▸ Records for the exercise
-*-

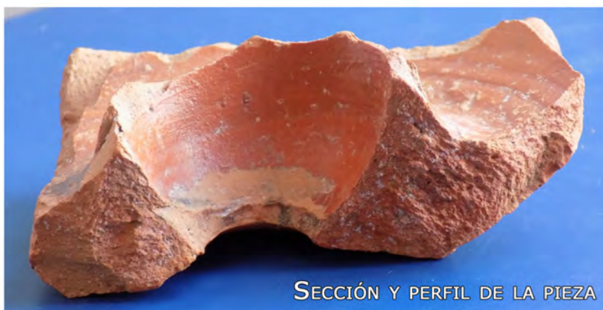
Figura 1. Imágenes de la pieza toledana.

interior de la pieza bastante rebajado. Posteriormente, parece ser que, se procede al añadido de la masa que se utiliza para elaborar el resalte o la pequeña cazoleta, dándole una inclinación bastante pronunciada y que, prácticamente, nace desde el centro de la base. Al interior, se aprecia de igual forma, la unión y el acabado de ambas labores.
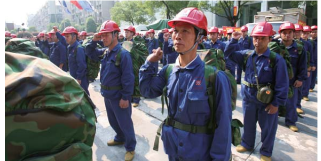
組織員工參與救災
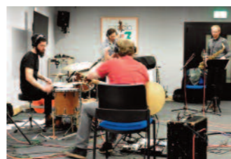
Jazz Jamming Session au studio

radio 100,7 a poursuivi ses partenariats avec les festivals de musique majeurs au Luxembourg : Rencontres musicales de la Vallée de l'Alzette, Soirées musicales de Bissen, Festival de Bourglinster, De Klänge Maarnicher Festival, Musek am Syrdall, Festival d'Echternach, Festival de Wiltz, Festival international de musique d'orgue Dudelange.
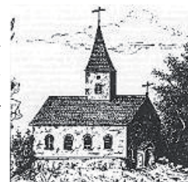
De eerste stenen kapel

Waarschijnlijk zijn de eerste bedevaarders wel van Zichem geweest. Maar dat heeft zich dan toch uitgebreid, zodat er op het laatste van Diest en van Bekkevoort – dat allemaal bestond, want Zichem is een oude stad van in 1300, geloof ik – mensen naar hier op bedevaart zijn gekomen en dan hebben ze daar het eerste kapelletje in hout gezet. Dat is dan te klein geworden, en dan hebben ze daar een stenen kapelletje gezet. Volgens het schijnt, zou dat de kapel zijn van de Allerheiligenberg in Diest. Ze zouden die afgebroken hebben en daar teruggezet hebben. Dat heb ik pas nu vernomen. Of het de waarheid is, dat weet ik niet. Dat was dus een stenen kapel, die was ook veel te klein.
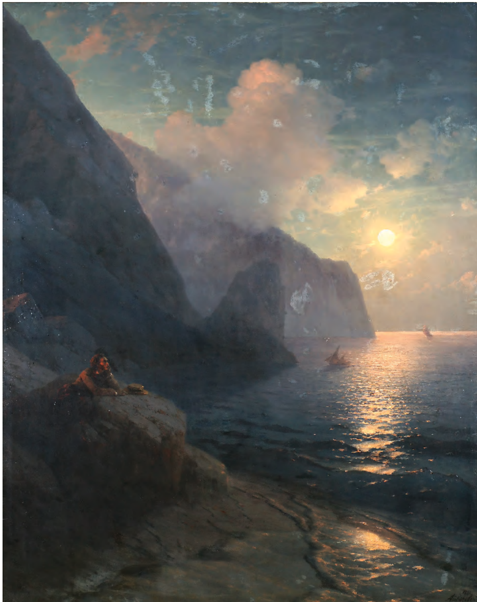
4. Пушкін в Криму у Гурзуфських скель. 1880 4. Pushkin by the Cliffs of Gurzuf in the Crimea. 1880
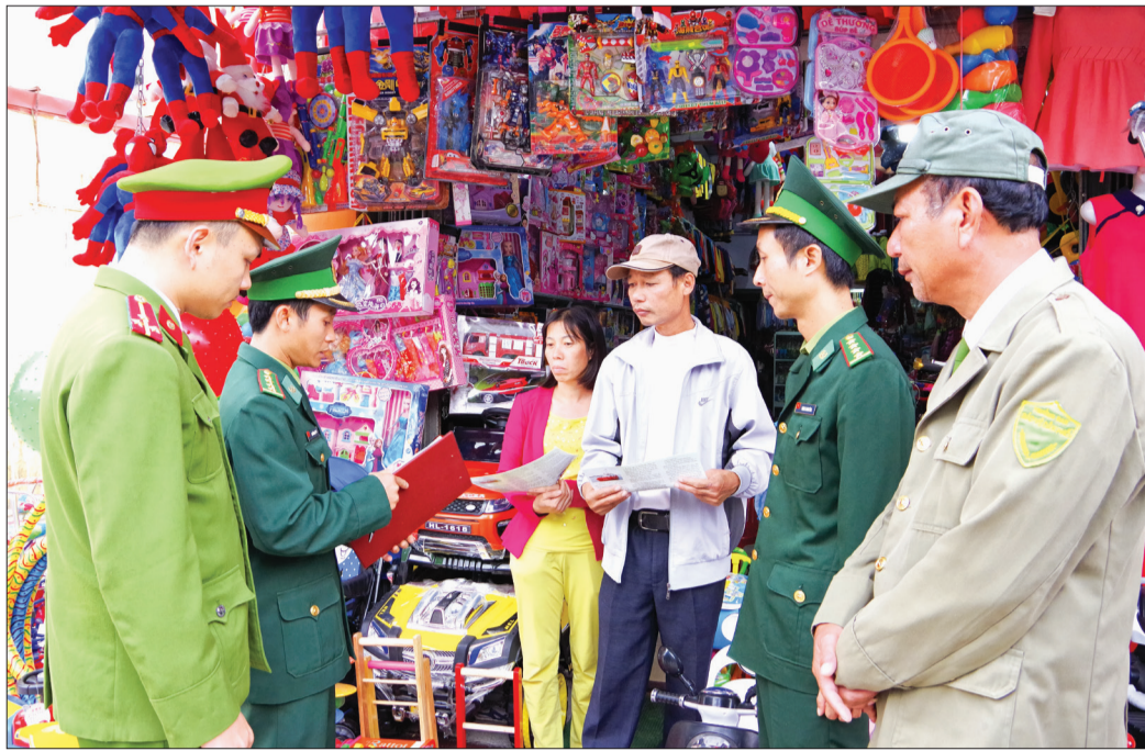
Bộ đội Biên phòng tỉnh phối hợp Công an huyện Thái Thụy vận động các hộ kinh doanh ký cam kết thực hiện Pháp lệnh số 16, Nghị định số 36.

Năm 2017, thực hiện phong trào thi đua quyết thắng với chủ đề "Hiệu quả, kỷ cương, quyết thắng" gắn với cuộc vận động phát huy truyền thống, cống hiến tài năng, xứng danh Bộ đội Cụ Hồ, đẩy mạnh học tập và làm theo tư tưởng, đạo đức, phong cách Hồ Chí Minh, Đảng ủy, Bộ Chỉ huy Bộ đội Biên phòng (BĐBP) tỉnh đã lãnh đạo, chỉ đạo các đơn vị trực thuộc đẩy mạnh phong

-*-

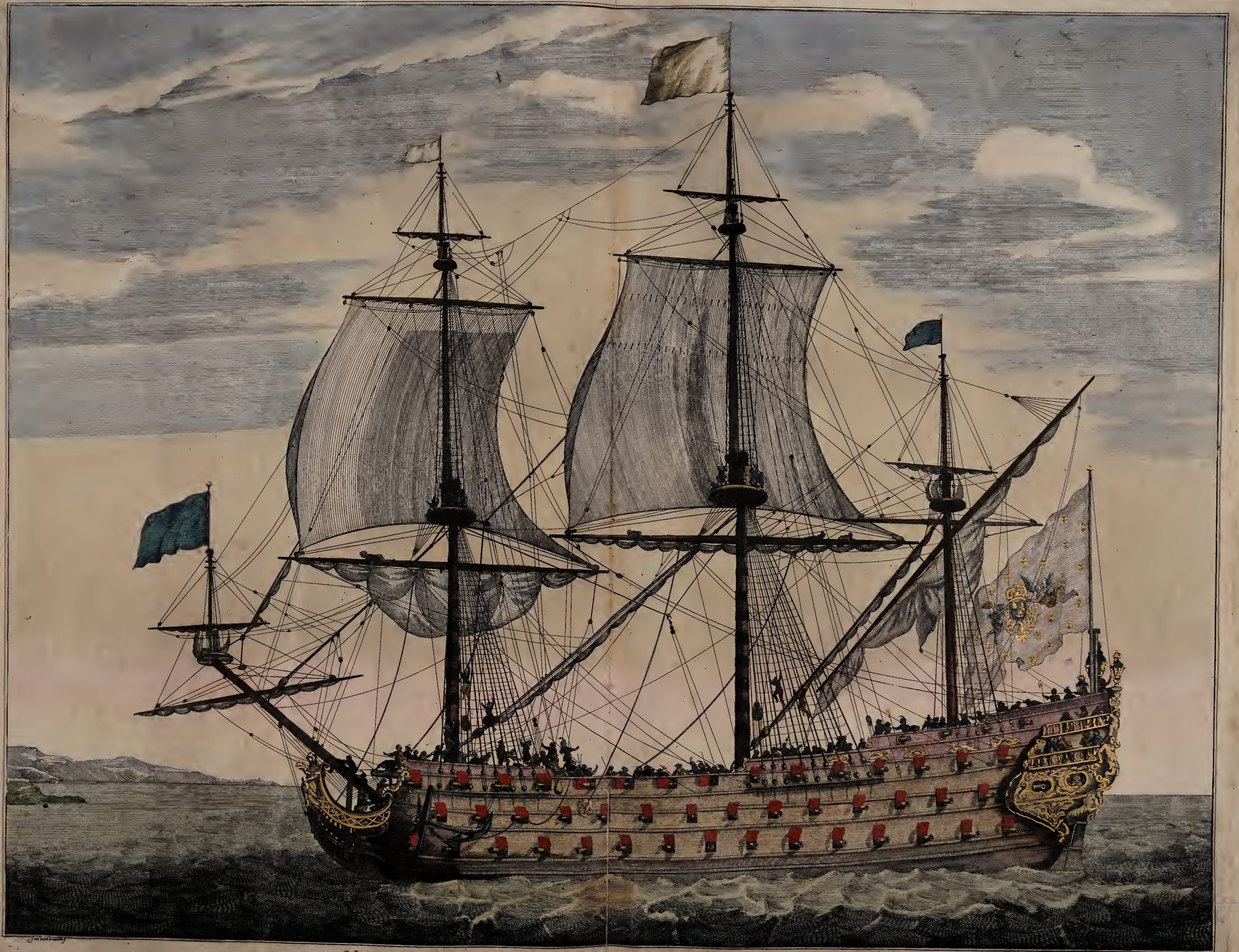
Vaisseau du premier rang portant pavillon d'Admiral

-*-

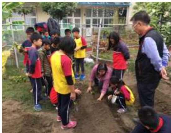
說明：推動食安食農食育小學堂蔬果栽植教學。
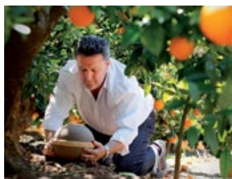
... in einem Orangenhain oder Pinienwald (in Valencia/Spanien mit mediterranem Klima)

-*-

▸ Work task
Search the data for the string "tỉnh" and copy out every line where it is found.

▸ Exercise answer
Bộ đội Biên phòng tỉnh phối hợp Công an huyện Thái Thụy vận động các hộ kinh doanh ký cam kết thực hiện Pháp lệnh số 16, Nghị định số 36.
Năm 2017, thực hiện phong trào thi đua quyết thắng với chủ đề "Hiệu quả, kỷ cương, quyết thắng" gắn với cuộc vận động phát huy truyền thống, cống hiến tài năng, xứng danh Bộ đội Cụ Hồ, đẩy mạnh học tập và làm theo tư tưởng, đạo đức, phong cách Hồ Chí Minh, Đảng ủy, Bộ Chỉ huy Bộ đội Biên phòng (BĐBP) tỉnh đã lãnh đạo, chỉ đạo các đơn vị trực thuộc đẩy mạnh phong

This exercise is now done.